What Are Brokered Deposits?
What Are Brokered Deposits?
Most bank deposits arrive through relationships — a customer opens a checking account, a business parks its operating funds, a retiree rolls over a CD. But a significant and growing portion of US bank deposits arrive through a different channel entirely: third-party brokers who aggregate funds from investors and place them at banks offering the most competitive rates. These are brokered deposits — and they are one of the most closely watched, most regulated, and most misunderstood funding sources in banking.
What a Brokered Deposit Is
A brokered deposit is any deposit placed at a bank by or through a deposit broker — a third party who acts as an intermediary between depositors and banks, typically aggregating funds from multiple investors and placing them where rates are most attractive.
The FDIC's formal definition under 12 CFR Part 337 is broad: a brokered deposit is any deposit obtained through a deposit broker, defined as any person engaged in the business of placing or facilitating the placement of deposits with insured depository institutions. This encompasses a wide range of intermediaries — from large national brokerage firms to online deposit marketplaces to specialized deposit placement agents.

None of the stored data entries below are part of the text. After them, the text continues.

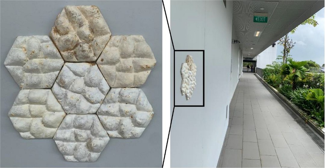 É uma biomimética dupla, com os ladrilhos inspirados na pele dos elefantes e fabricados usando um fungo natural da madeira.
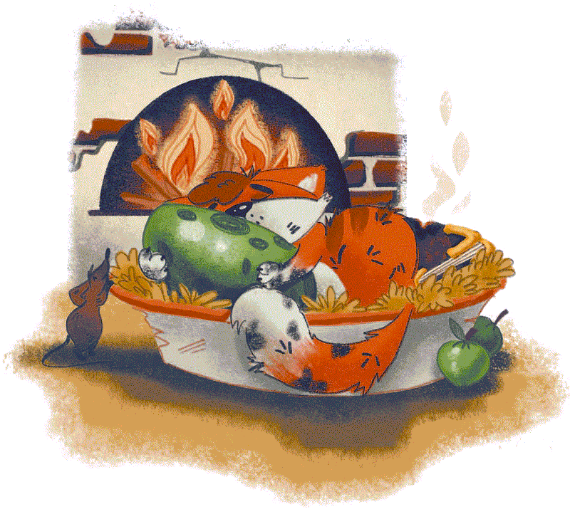 В три громадных скачка Кот пересёк поляну, влетел в комнату и бросился к печи. Из-под пылающих тряпок торчал уголок книги. Ни секунды не раздумывая, Кот рванулся в огонь и выхватил книгу. Он тушил лапами начавший тлеть переплёт, мяукая от боли и обиды. Вспомнив про ведро с водой, Кот хотел было вылить его на книгу, но побоялся испортить её окончательно. Поэтому вылил воду на себя и, мокрый, прижался к обложке.
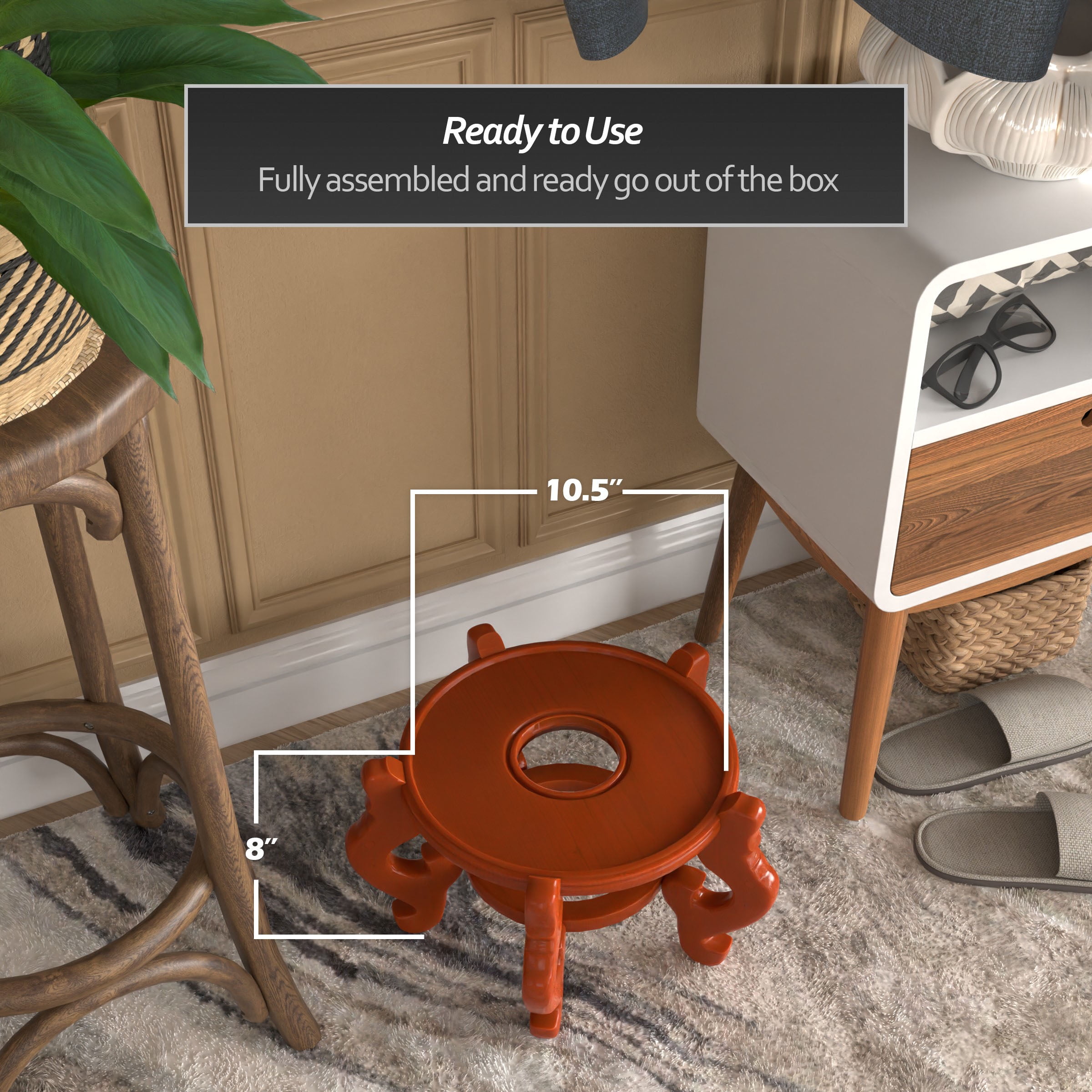 Red Lantern Fishbowl Stand – Honey – Size 10.5 in. Base Diameter

How Brokered Deposits Enter the Bank
Brokered deposits reach banks through several distinct channels, each with its own mechanics and depositor base:
Deposit listing services
Online platforms — Raisin, SaveBetter, Bankrate's CD marketplace — list competitive CD and savings rates from banks across the country. Retail investors browse rates, select a bank, and open an account through the platform. The bank receives a deposit it never directly marketed for. The platform is the broker.
This channel has grown substantially as digital banking has made it trivially easy for consumers to chase the highest rate regardless of which institution offers it.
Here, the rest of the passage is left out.